Однако в какой-то момент Ленину становится ясно, что погоня за двумя зайцами сразу в таких условиях означает перспективу поимки только самых захудалых, никудышных экземпляров.
План ГОЭЛРО, по объективным причинам, тоже несколько затормозился – ясно, что золотого запаса и на локомотивы, и на электрификацию не хватит; да и легкий доступ к закавказской нефти несколько снизил резкую нужду в альтернативной дешевой энергии. Комиссия ГОЭЛРО перерастает в Госплан – который готовит уже не «кавалерийскую», а поэтапную, систематическую, рассчитанную на годы, а не на месяцы модернизацию.
«Быстрые» проекты режутся в обеих областях. Понятно, что транспорт, да, будет восстановлен и войдет в рабочий режим, но превращение страны в высокотехнологичный Коммунистический Иерусалим прямо сейчас невозможно.
В конце 1920 года речь уже шла о покупке не пяти, а двух тысяч паровозов. К началу 1921-го заказали с проплатой 1100 – и похоже, на этом захлебнулись. Там, где можно было вернуть авансы, заказы сворачивали.
Еще в конце 1921-го Ленин поддерживает эксперименты по переоснащению железных дорог, и с его разрешения Ломоносов на сэкономленные при заказах паровозов деньги получает право заказать за границей несколько экспериментальных тепловозов.
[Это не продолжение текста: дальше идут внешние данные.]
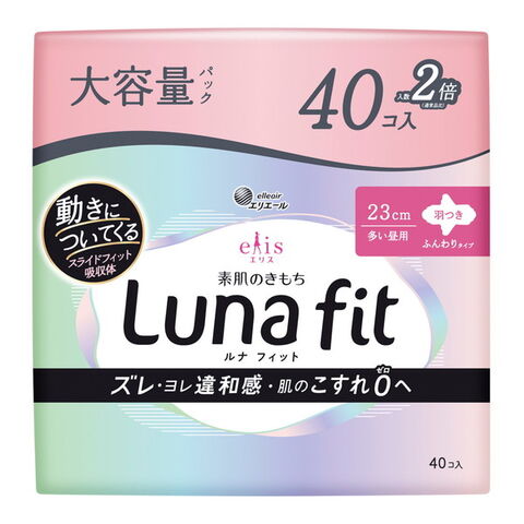 大王製紙 エリエール エリス 素肌のきもち ルナフィット 多い昼用 羽つき ふんわりタイプ 40コ入 生理用ナプキン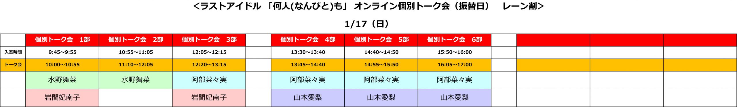 ・振替イベントは各メンバー共、実施予定だったイベントと同曜日同時間帯枠への振り替えとさせていただきます。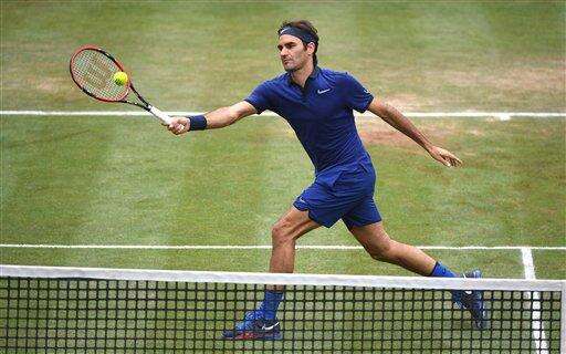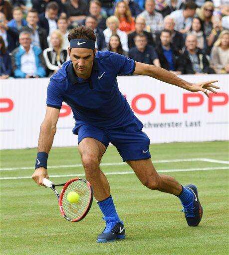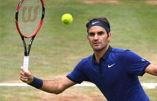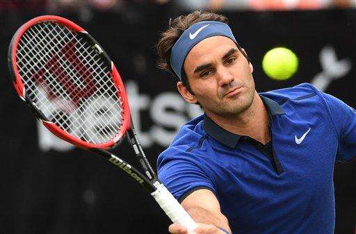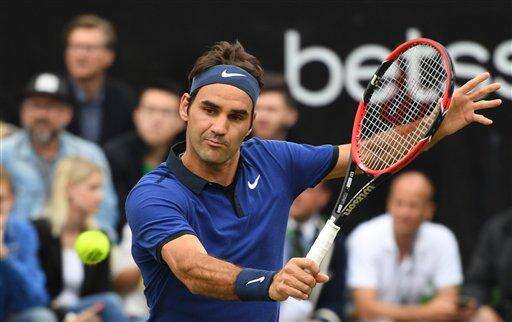 Roger Federer from Switzerland returns a ball to Dominic Thiem from Austria during the semifinal match of the MercedesCup ATP tennis tournament in Stuttgart, Germany, Saturday June 11, 2016. (Marijan Murat/dpa via AP)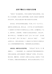 法院干警助力乡村振兴发言稿“奶奶灰”是衣服的颜色,更是代表理性严密的法律思维,是法院人行走的铭牌,是法院人独特的荣耀,是法院人青春奋斗里最形象的司法符号,更是见证着法院干警为民服务所走过的路。坚定信念,筑牢坚实思想政治基础。守正道,护卫一方公平正义,就要有扎实的理论功底。要在生活、工作中深入学习宣传贯彻党的二十大精神和习近平新时代中国特色社会主义思想,在学懂弄通上下功夫,勤学原文、深悟原理,不断提升自身政治素质能力。通过自学、集中学等方式,不断增强"四个意识",坚定“四个自信”,坚决做到“两个维护”,捍卫“两个确立”。通过乡村“课堂”、“坝坝”法庭等方式,为群众宣讲党的二十大精神及习近平新时代...

С одной стороны, Ленин курирует и протежирует ГОЭЛРО, с другой – из двух проектов модернизации железных дорог – «тепловозного» или «электровозного», на электрической тяге, – ему, кажется, больше нравится первый. Вынужденное торможение усугубляется непоследовательностью самого Ленина, хотя и электрификация железных дорог также желательна.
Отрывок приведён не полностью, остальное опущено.